**WORK REQUIRED**
What lines below hold the string "neck"? Copy them all.

++++++++

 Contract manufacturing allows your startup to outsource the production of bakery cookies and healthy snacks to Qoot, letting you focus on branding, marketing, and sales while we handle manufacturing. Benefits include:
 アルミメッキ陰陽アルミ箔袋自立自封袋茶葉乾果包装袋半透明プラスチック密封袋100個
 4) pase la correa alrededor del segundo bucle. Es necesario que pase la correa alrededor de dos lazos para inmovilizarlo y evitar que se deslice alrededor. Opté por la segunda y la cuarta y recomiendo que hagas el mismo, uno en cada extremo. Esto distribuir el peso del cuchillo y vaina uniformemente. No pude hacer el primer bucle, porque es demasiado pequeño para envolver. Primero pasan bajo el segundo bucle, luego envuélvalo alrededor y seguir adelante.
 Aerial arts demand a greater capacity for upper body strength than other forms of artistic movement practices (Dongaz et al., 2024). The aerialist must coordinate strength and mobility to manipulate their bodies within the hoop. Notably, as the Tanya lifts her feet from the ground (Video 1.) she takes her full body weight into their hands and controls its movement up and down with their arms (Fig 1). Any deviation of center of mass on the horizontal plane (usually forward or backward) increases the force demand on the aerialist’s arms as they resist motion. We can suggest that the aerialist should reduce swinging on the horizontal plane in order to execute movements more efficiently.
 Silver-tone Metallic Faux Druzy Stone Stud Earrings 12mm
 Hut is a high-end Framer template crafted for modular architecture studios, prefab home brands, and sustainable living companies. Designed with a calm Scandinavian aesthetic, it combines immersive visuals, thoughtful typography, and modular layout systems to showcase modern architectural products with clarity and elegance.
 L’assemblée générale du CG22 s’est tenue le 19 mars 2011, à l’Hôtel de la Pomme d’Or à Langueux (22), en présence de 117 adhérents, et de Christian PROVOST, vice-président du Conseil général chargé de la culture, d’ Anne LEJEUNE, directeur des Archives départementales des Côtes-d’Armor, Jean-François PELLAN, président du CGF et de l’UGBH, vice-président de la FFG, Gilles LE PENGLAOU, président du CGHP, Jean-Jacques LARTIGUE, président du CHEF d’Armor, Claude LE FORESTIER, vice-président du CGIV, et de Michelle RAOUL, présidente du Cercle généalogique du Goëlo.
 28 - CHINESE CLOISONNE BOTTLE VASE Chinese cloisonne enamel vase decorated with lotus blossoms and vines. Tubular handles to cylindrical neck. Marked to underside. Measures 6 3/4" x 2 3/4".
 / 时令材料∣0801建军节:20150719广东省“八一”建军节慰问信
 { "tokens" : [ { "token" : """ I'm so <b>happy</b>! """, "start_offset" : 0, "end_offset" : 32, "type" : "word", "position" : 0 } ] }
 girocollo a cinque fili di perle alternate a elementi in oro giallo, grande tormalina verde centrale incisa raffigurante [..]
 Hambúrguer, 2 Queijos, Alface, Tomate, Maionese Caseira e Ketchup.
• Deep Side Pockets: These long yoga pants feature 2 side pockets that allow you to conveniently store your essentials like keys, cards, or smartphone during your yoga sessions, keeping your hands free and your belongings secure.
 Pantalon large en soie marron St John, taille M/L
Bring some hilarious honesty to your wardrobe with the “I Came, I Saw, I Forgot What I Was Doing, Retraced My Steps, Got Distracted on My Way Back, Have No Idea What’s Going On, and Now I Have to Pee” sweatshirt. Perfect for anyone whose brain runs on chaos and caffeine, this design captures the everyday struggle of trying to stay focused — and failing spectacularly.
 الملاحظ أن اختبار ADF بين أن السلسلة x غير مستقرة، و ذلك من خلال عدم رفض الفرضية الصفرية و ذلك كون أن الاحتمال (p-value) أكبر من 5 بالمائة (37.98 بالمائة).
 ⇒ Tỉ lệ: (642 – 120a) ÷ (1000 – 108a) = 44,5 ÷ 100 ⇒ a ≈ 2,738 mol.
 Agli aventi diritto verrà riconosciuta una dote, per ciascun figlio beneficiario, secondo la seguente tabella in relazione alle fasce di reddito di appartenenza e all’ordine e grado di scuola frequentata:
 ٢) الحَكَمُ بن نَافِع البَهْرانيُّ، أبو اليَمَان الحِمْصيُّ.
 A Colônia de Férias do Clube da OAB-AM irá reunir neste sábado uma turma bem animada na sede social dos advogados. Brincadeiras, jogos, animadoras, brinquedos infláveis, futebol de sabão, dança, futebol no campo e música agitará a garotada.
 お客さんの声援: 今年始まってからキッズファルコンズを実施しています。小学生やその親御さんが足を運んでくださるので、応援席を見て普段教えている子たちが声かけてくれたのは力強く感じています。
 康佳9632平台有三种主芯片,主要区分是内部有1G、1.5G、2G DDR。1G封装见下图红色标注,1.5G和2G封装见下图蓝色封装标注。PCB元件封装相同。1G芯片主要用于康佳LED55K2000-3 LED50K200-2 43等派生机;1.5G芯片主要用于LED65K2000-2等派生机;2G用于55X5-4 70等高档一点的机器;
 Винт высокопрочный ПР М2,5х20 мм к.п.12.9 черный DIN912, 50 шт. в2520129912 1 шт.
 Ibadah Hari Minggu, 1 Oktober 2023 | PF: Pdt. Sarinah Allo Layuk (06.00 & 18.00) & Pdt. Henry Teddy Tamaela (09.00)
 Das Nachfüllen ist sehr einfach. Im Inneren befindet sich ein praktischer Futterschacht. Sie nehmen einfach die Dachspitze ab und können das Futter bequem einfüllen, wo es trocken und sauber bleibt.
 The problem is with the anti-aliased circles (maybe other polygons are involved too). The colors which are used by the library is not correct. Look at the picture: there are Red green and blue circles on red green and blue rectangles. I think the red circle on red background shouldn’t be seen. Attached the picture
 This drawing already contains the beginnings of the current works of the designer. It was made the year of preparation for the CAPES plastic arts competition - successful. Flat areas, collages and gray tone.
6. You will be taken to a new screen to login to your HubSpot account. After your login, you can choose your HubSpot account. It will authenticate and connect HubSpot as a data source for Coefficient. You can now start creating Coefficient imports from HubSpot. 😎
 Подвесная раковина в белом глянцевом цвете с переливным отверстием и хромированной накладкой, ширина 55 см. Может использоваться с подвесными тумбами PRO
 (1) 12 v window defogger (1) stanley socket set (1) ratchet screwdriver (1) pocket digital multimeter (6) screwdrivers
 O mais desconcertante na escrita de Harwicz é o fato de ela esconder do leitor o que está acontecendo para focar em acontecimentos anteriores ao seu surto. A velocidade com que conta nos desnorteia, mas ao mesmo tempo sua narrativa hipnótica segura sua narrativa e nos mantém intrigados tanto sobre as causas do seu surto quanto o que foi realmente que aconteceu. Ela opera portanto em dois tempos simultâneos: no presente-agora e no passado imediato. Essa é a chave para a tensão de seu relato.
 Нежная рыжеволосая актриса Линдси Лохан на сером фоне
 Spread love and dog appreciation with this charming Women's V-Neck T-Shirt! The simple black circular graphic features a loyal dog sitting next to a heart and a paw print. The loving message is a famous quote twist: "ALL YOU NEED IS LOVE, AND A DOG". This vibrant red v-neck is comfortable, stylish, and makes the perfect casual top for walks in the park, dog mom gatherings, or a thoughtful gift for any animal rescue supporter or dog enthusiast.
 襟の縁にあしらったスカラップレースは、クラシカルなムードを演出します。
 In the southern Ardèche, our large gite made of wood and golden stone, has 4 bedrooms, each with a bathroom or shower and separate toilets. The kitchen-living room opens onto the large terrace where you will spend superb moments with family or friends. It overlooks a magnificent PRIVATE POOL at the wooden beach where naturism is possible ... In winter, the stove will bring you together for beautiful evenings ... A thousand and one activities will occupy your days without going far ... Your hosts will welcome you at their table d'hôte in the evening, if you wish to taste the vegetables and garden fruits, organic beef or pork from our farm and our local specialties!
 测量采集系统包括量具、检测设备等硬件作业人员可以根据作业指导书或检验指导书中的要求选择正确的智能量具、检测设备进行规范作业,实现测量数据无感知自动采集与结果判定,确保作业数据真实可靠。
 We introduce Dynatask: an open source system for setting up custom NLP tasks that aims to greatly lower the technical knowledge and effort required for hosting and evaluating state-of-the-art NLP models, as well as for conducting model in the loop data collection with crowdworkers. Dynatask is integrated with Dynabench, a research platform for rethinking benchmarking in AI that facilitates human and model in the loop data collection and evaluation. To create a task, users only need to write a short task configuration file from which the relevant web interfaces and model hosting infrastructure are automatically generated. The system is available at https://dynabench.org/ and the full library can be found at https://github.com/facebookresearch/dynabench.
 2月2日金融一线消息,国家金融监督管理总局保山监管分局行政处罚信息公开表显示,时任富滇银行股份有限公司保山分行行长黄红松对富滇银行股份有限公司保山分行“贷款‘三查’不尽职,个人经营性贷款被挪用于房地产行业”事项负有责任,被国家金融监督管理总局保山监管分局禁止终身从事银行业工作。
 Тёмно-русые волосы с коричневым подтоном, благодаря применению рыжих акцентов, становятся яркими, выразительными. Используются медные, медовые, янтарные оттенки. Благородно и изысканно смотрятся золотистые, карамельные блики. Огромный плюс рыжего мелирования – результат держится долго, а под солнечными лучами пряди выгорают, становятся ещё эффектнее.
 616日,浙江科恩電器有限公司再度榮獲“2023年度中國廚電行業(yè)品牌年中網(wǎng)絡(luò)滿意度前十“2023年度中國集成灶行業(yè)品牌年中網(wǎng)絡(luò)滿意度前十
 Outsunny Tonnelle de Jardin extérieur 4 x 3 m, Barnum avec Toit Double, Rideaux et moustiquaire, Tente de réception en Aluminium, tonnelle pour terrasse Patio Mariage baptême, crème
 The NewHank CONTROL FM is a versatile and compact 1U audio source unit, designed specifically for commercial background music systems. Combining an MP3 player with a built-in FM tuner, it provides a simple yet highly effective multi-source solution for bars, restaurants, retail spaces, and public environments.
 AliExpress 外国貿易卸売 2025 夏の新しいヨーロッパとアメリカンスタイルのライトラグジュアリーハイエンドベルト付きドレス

++++++++

**YOUR SOLUTION**
 28 - CHINESE CLOISONNE BOTTLE VASE Chinese cloisonne enamel vase decorated with lotus blossoms and vines. Tubular handles to cylindrical neck. Marked to underside. Measures 6 3/4" x 2 3/4".
 Spread love and dog appreciation with this charming Women's V-Neck T-Shirt! The simple black circular graphic features a loyal dog sitting next to a heart and a paw print. The loving message is a famous quote twist: "ALL YOU NEED IS LOVE, AND A DOG". This vibrant red v-neck is comfortable, stylish, and makes the perfect casual top for walks in the park, dog mom gatherings, or a thoughtful gift for any animal rescue supporter or dog enthusiast.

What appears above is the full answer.